◆ **Information supplied**

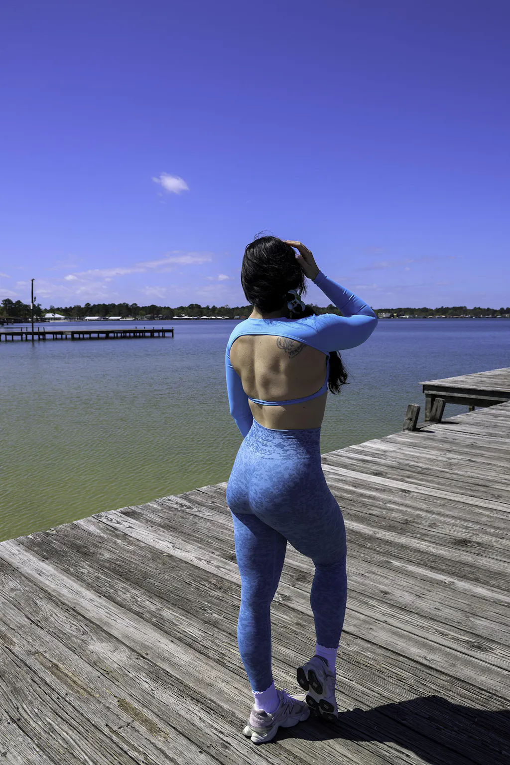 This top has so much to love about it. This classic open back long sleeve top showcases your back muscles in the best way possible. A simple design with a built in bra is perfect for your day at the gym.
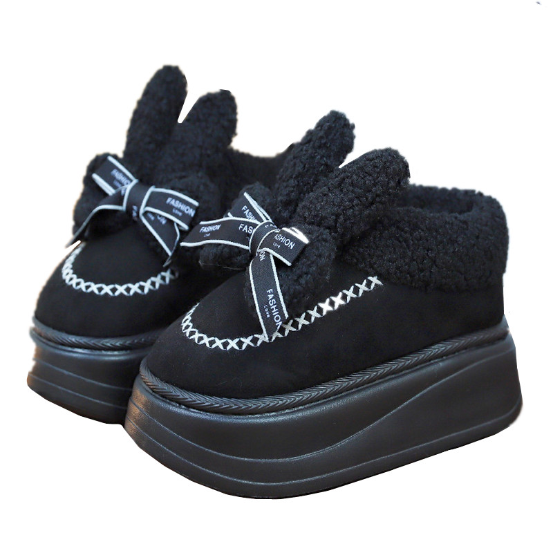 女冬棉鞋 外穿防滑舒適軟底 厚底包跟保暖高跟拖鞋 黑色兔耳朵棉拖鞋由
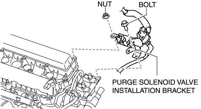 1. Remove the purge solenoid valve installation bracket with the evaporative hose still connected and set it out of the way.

◆ **Work task**
Every line of the listing is to be retyped exactly; pictures stay out.

◆ **Expected output**
 This top has so much to love about it. This classic open back long sleeve top showcases your back muscles in the best way possible. A simple design with a built in bra is perfect for your day at the gym.
 女冬棉鞋 外穿防滑舒適軟底 厚底包跟保暖高跟拖鞋 黑色兔耳朵棉拖鞋由
 1. Remove the purge solenoid valve installation bracket with the evaporative hose still connected and set it out of the way.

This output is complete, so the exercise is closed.